What Bodes Well for Eureka?

On Thursday, September 12, 2013, the Times-Standard announced to everyone that City Manager Bill Panos had hired San Diego Police Department Captain Andrew G. Mills and "plans to put him before the City Council for confirmation and is expected to take over the force". -("Next Eureka police chief announced") And that after a former Eureka police officer Mike Johnson, Panos' original choice "withdrew from the process" "sharply critical of Panos".


On Saturday, September 14, 2013, the Times-Standard Headline says:  Eureka city manager accepts post in Wyoming.

Another worthy note of interest, Mayor Frank Jager says, among other gushing accolades, "Mills is an outstanding candidate." Considering the City Council's record on hiring City Mangers, I wouldn't put much trust in Jager's opinions and judgments.  Nor would I put much trust in Panos' judgments either.

Selecting Mike Johnson, with his record, was an insult to everyone that came forward requesting a different kind of police department as currently enforced by Murl Harpham and his so-call "tough cops." That fact alone puts Murl Harpham's unmistakable stamp on who becomes Eureka's future police chief. When you consider the history, it's obvious he's the primary reason Garr Nielsen was run off the way he was. Now he's having a major input in the selection of this new guy. ('We are one Body" - Times-Standard, Sunday, Sept. 15, 2013) Panos comes into Eureka, via the current City Council, does his dirty work and is allowed to leave sooner than - his contract says, later.

Does Andy Mills as Eureka's new police chief bode well for this town?
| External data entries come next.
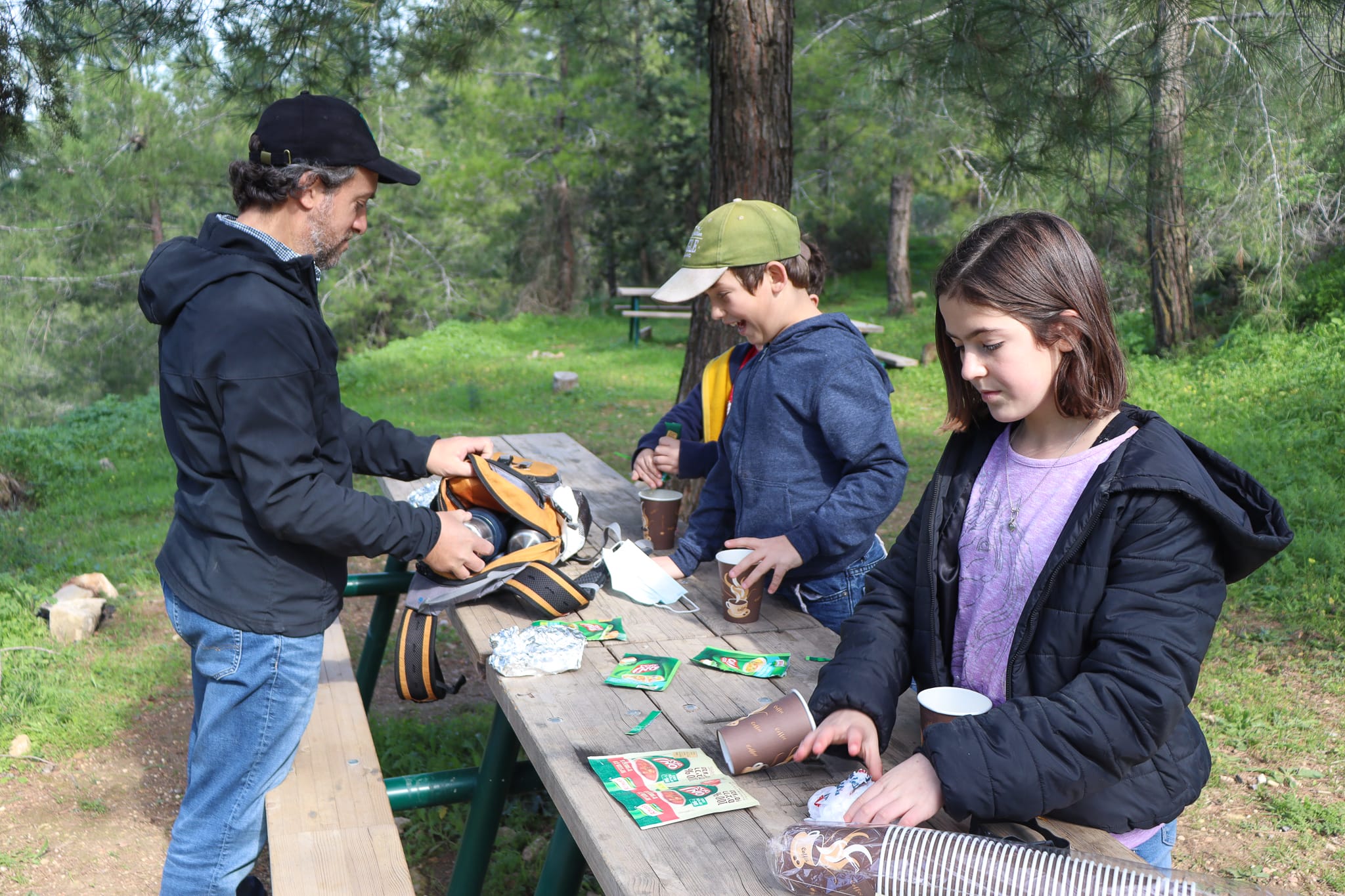 So yesterday, to get a little break and escape to great outdoors, we planned a hike near home to Ein Tzurim: a beautiful spring near the woods around Rosh Tzurim. We packed up a picnic of soup and sandwiches and set off through the trees.
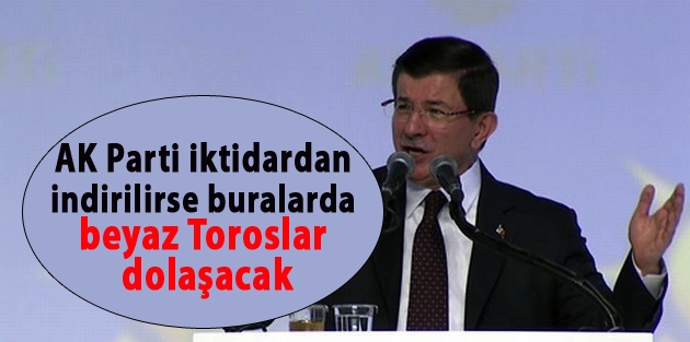 Davutoğlu şöyle konuştu: "Sizleri eline silah alan sokak çapulcularına kesinlikle teslim etmeyeceğiz. Canınıza malınıza namusunuza kastedenlere karşı sizi kimsesiz bırakmayacağız. Bırakın makamımıza, canımıza dahi mal olsa bu kutlu yoldan vazgeçmek bizim için söz konusu değildir. Zaten şerh odakları bu kararlığımızdan çekiniyor. AK Parti iktidardan indirilirse buralarda terör çeteleri dolaşacak, beyaz Toroslar dolaşacak. Biz buraları faili meçhullere bırakmayacağız. Hiç merak etmeyin seksenli doksanlı yıllara dönmeyeceğiz. Huzur ve demokrasi operasyonu başlamak zorunda olduğunda, PKK bize saldırdığında verdiğim talimat açıktı. Bu terör belasıyla mücadele edeceksin. Ama dedim ki hiçbir vatandaşımızın canına malına zarar vermeyeceksiniz. Biz ayırdık ama onlar ayırmıyorlar polisi de sivili de öldürüyorlar.” EVRENSEL
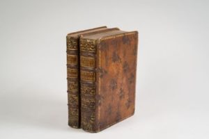 672. [SCHEFFMACHER]. Lettres d'un Docteur Allemand de l'Université catholique de Strasbourg à un Gentil-Homme protestant, Sur les six Obstacles au Salut, qui se rencontrent dans la Religion Luthérienne. Avec : Lettres d'un théologien de l'Université catholique de Strasbourg à un des principaux magistrats de la même ville. Strasbourg, Jean-François Le Roux, 1748-1750, 2 ouvrages en 2 volumes in-4, veau marbré, roulette dorée sur les plats, dos à nerfs orné (reliure de l'époque). Troisième édition. Reliure usagée aux coiffes et coins, mouillure sur une vingtaine de feuillets au premier volume. Les pages de titre des deux volumes ont été inversées par le relieur.

Considering how he was hired and the City Council's facilitation of Bill Pano's quick  exit, one wonders. Did the local voices in all those so-called special town meetings for input on the new chief result in anything more than a stall for Murl Harpham to protect and reintrench his legacy? I think not.

Notice what Mills says after speaking about all the people he plans on listening to, specially the cops, before implementing any plans.
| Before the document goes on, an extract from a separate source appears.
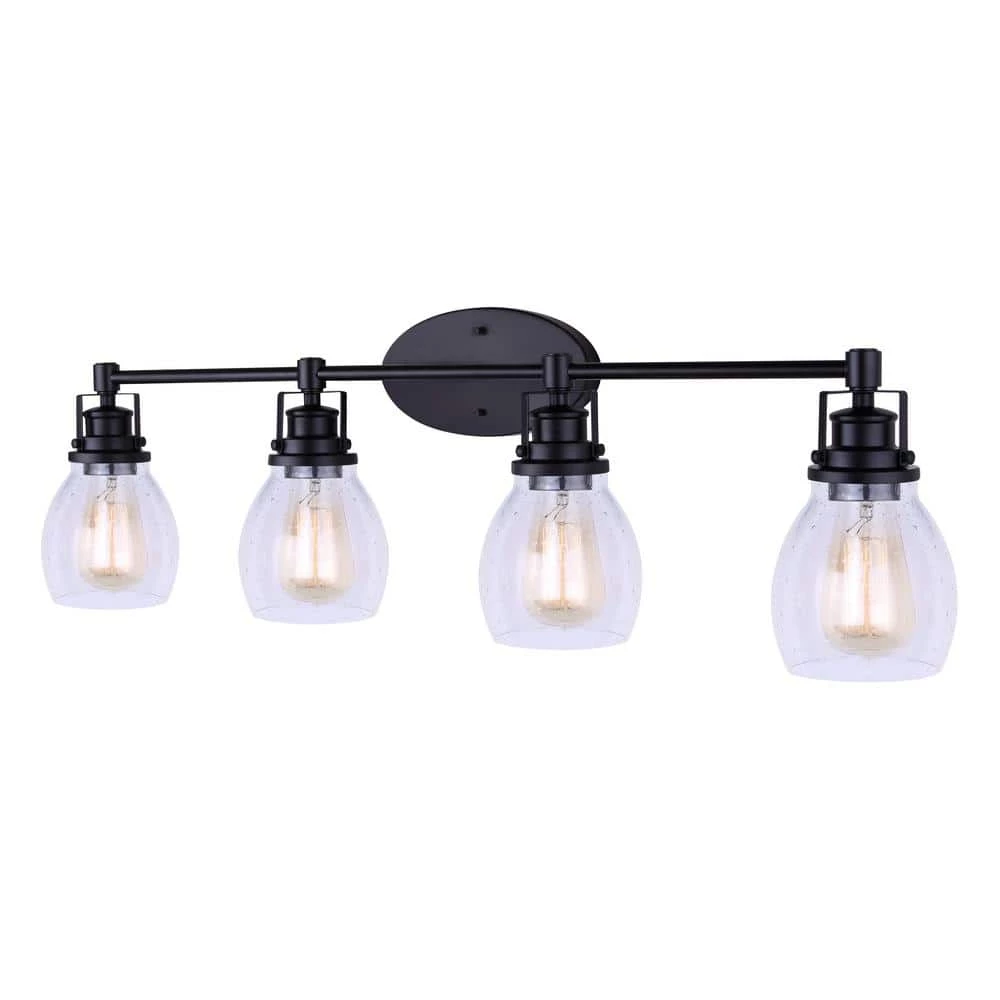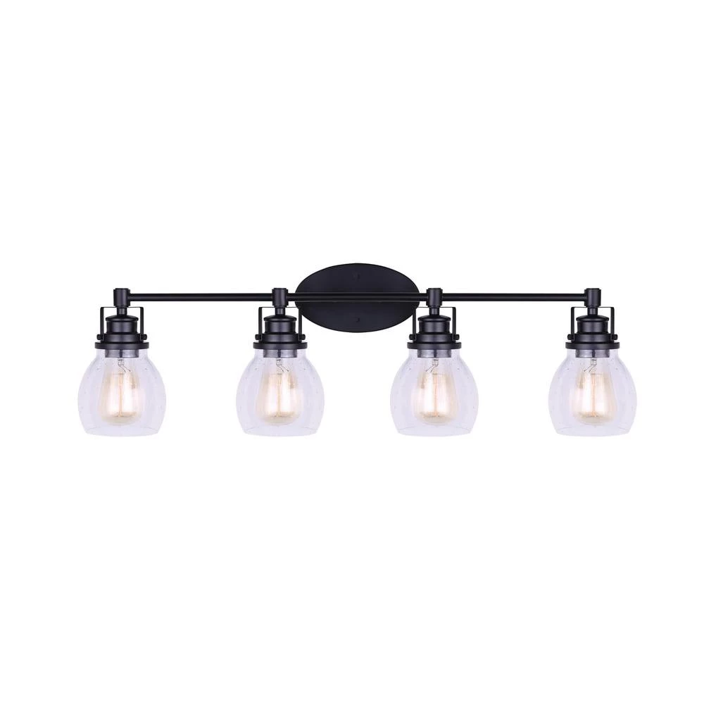 The vintage style of the CARSON collection gives a beautifully modern treatment to the familiarity and comfort of vanity lighting. Available in 2, 3 and 4 light options in matte black with clear seeded glass shades, the CARSON vanity is sure to find a place in your decorating decor while providing the versatility of being mounted in up or down light positions. This product also comes with CANARM’s Easy Connect push in connection system giving homeowners freedom to change fixtures with a safe and secure installation. Complete the industrial feel by adding vintage style bulbs.

"Mills said there will be one thing that's “non-negotiable” in this process."

”We will treat people with respect, and that's both directions -- the police to the public and the public to the police,” he said. “We are one body.”

Respect is something that is earned - not demanded or dictated. I think we all know what that means, code for "keep your trap shut," "speak when spoken to," and "do what your told."

If the portend new police chief wants the community's respect then he can live and operate within the law. He can earn that respect by example as demonstrated by him and his police force by what they do, not by what they say.

One last point, I take exception to his affirmation that the Eureka community, (as he says the "people" and "the public,") and "the police" are "one body." The Eureka community and its government are one body. The Eureka voting citizens are the body, and they elect their representative governmental representatives, the City Council. It is proven that they, the voting citizens have no direct say in who is the police chief or who are it's police officers. That body's police department, including it's police chief, is it's (the body's) billy club used to enforce it's laws - it's will. The police are nothing more than a tool brought to bear on the general public by that community's elected representatives.

So, does Andy Mills as Eureka's new police chief bode well for this town? I guess we'll all find out.